Vernacular Eloquence: Intro and Ch. 1

Elbow, Peter.  Vernacular Eloquence: What Speech Can Bring to Writing.  New York: Oxford UP.  2012. Print.

One sentence summary

The culturally constructed activities of speaking and writing both converge and diverge from each other in ways that are symbiotic and  exclusive.

Key Words

Orality, Literacy, Writing, Speaking, Semiotics, Constructivism

Introduction and Chapter 1 Discussion

Elbow examines the distinctive natures of speech and writing as well as overlap and symbiosis between these two modalities.  In the intro, Elbow considers the sharp differences between “casual conversation” and “careful expository writing” (16).  Elbow distinguishes the properties of speech and writing as different “physical processessensory modalities …  [and] language or products” (19).

In chapter one, Elbow discusses the role of culture(s) on spoken language in particular, citing Shirley Brice Heath’s research while also sidestepping the kinds of issues Ong, Havelock, et al. explored in their examinations of orality and literacy.

In a detailed passage on pages 25-26, Elbow recasts a transcript that works to capture, in print, the inflections, pauses, meanderings, and sudden shifts in a spoken conversation.  This transcription is fascinating not for all of the details it captures, which is many more than any other kind of transcription I’ve seen–or done as a newspaper reporter myself.  Rather, the transcription is fascinating for all of the multitude of sensory details missing from the transcript–gestures, facial expressions, body positions, spatial relationships, eye contact, etc.

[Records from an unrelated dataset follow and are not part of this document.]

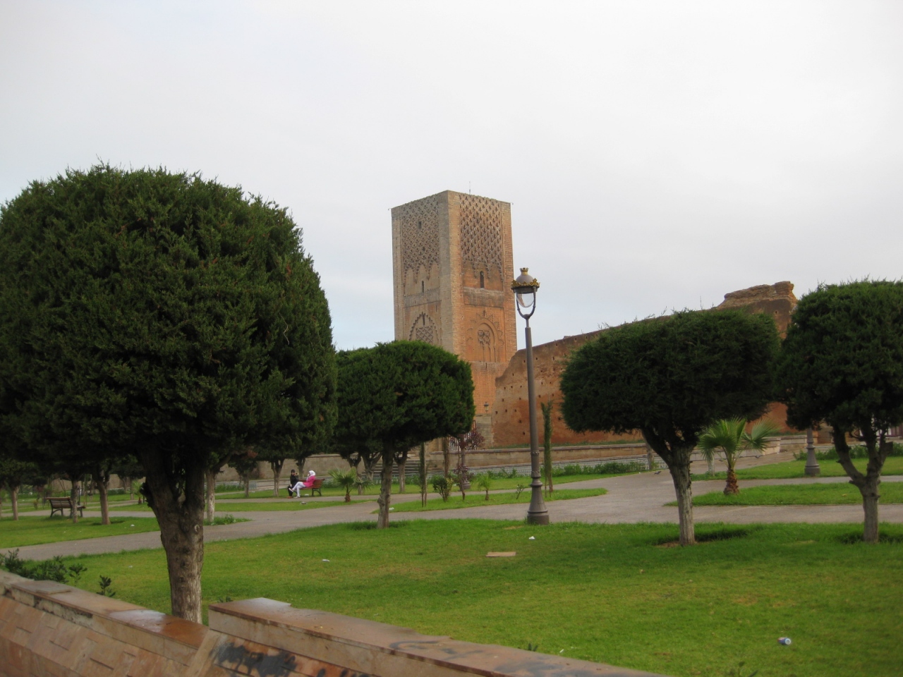 モロッコの首都ラバトにある未完の尖塔(ミナレット)。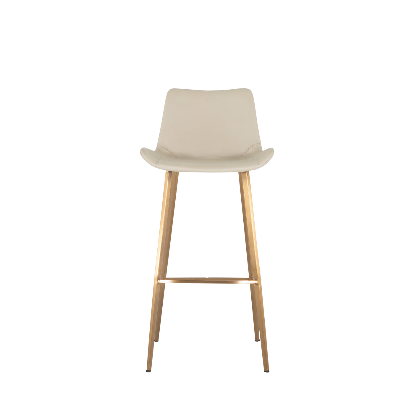 The Hines Bar Height Stool is a stylish and comfortable addition to any kitchen or bar area. Upholstered in an elegant white faux leather, it offers a rich, sophisticated look that's easy to maintain. The iron legs, finished in stainless gold, provides a sophisticated transition and touch of modern elegance. With its ergonomic design, this stool ensures comfort, making it perfect for extended use. Durable and versatile, the Hines Bar Height Stool complements a variety of interior styles, from contemporary to industrial chic. Also available in a dark brown.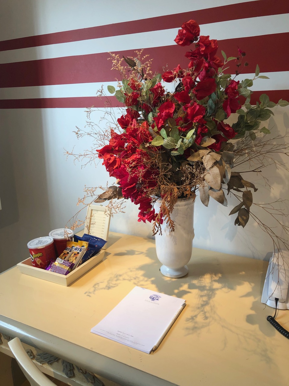 O hotel conta com 19 suítes, cada uma decorada de forma diferente da outra. Todas com os móveis lindos são da antiga Secrets de Famille. A nossa suíte era muito linda, repleta de detalhes carinhosos e românticos (fotos abaixo).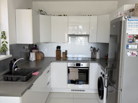Byt disponuje priestrannou obývacou izbou spojenou s kuchyňou, spálňou, malou izbou ktorá sa dá využiť ako ďalšia spálňa alebo šatník, kúpelňou s WC a komorou.
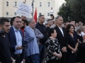 Klevis Balliu gjate nje ceremonie homazh ne nderim te aktivistit amerikan, Charlie Kirk, para universitetit te Arteve ne Tirane. Kirk nderroi jete pas nje atentati ne Utah.

Elbow moves on to reference Saussure and discusses semiotics and the nature of signs, signifiers and signifieds without invoking any of the technical jargon.  While writing and speaking (both symbol-based activities) both hold certain kinds of “magic” on different cultures through time, Elbow says his discussion of culture will quickly make way for an analysis that seeks to “take what’s best about speaking and add it to what’s best about writing” (34).